Thursday, March 25, 2010

Farewell, dry spell.

The events of the last twenty-four hours have been insane; almost too much to come to terms with. That dry spell I was worried about? Well, it's been broken. And how!

I've known for a while now that I'm bi-curious. The Ex almost had me convinced that I was bisexual (and that that was a bad thing) way back when, the time I licked my best friend's fingers and enjoyed it. Guys have this tendency to get really insecure about bisexual women - and I'm not surprised. The irony is that the girl I spent last night with had recently been broken up with because (amongst other things) the boyfriend couldn't deal with her bisexuality. Today's his birthday, incidentally, so we had to go watch him cutting a cake at midnight. She and I were crazy drunk from the party earlier.

She propositioned; I confessed indecision; she pressed; I remained undecided; she initiated it with a kiss; I didn't resist.

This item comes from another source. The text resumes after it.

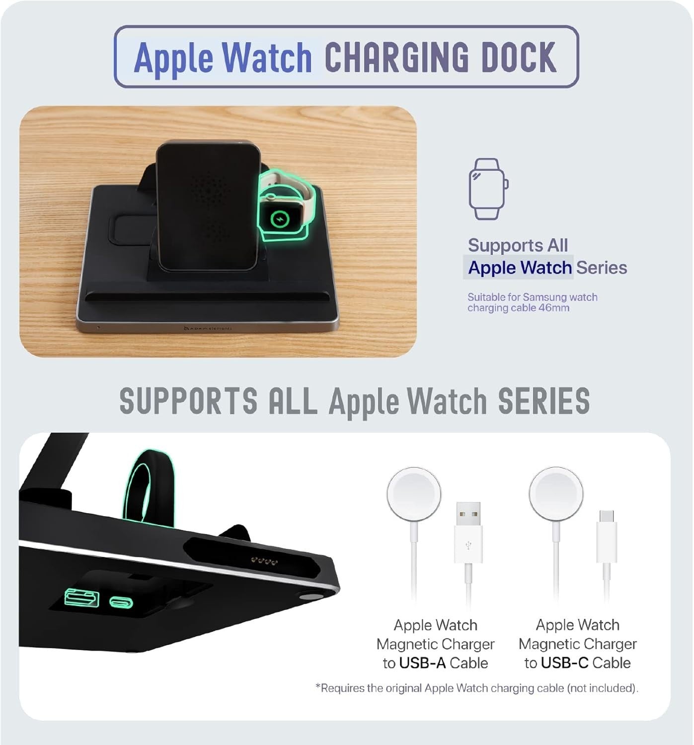 Apple Watch dock : Dedicated 5 V @ 2.5 W charging area
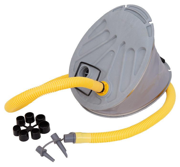 Модель ножного насоса для накачиваниянебольших надувных лодок и пляжных надувных аттракционов. Опорные поверхности изготовлены из упрочнённого пластика, шланг с увеличенной проходной способностью.

She was really, really fucking good at what she did, making me beg, whine and moan to be touched some more every time she stopped. I'd like to believe that I didn't do so badly myself, but the darkness coupled with my slight hesitation didn't allow me to be as daring as I would have liked to be. But she seemed to like whatever it was that I did manage to do. And I think I surprised her (pleasantly) by bringing out the ropes and toys and lube and using them as I did. It'd been so long since I had indulged in play that it felt really good to go through the motions, make the whispers, elicit moans, punish and bestow as I pleased.

It was fun. It was sexy. It was erotic. It was drunken. It was my first time with another girl. It was great. Fucking. (ha.) Great.

And to remind myself of it, I have a deep, dark red bruise on my neck where she marked me with her mouth.